:: Available records

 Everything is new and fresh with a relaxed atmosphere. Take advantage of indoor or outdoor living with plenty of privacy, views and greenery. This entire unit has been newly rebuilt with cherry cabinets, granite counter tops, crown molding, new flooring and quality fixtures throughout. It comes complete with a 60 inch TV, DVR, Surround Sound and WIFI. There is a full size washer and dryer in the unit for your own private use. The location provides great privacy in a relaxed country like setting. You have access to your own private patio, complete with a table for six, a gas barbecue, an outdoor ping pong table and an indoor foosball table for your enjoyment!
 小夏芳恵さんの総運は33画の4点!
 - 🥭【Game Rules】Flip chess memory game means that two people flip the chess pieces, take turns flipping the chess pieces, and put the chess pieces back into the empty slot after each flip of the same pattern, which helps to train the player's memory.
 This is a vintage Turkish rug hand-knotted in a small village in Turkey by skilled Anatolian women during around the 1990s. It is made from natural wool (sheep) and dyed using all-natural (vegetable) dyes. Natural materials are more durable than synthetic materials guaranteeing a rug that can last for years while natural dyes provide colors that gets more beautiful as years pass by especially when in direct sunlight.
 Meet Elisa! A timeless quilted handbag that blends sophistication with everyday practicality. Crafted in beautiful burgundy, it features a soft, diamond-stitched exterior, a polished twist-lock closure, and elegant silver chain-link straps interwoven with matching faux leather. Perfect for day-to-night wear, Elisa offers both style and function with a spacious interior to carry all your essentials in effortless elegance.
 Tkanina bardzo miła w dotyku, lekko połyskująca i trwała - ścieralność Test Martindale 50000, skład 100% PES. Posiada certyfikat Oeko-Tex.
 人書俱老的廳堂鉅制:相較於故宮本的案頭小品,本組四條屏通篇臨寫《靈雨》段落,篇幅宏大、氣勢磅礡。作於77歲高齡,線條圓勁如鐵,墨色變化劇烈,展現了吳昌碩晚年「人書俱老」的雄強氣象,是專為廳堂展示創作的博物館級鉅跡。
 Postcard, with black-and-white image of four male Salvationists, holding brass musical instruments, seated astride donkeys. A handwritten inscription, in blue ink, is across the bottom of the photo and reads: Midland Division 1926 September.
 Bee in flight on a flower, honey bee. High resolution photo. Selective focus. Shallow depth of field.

::::

● Action item
Lines from the one holding "小夏芳恵さんの総運は33画の4点!" through the last line of the material are to be repeated exactly; no other lines belong in the answer.

● Solution to this exercise
 小夏芳恵さんの総運は33画の4点!
 - 🥭【Game Rules】Flip chess memory game means that two people flip the chess pieces, take turns flipping the chess pieces, and put the chess pieces back into the empty slot after each flip of the same pattern, which helps to train the player's memory.
 This is a vintage Turkish rug hand-knotted in a small village in Turkey by skilled Anatolian women during around the 1990s. It is made from natural wool (sheep) and dyed using all-natural (vegetable) dyes. Natural materials are more durable than synthetic materials guaranteeing a rug that can last for years while natural dyes provide colors that gets more beautiful as years pass by especially when in direct sunlight.
 Meet Elisa! A timeless quilted handbag that blends sophistication with everyday practicality. Crafted in beautiful burgundy, it features a soft, diamond-stitched exterior, a polished twist-lock closure, and elegant silver chain-link straps interwoven with matching faux leather. Perfect for day-to-night wear, Elisa offers both style and function with a spacious interior to carry all your essentials in effortless elegance.
 Tkanina bardzo miła w dotyku, lekko połyskująca i trwała - ścieralność Test Martindale 50000, skład 100% PES. Posiada certyfikat Oeko-Tex.
 人書俱老的廳堂鉅制:相較於故宮本的案頭小品,本組四條屏通篇臨寫《靈雨》段落,篇幅宏大、氣勢磅礡。作於77歲高齡,線條圓勁如鐵,墨色變化劇烈,展現了吳昌碩晚年「人書俱老」的雄強氣象,是專為廳堂展示創作的博物館級鉅跡。
 Postcard, with black-and-white image of four male Salvationists, holding brass musical instruments, seated astride donkeys. A handwritten inscription, in blue ink, is across the bottom of the photo and reads: Midland Division 1926 September.
 Bee in flight on a flower, honey bee. High resolution photo. Selective focus. Shallow depth of field.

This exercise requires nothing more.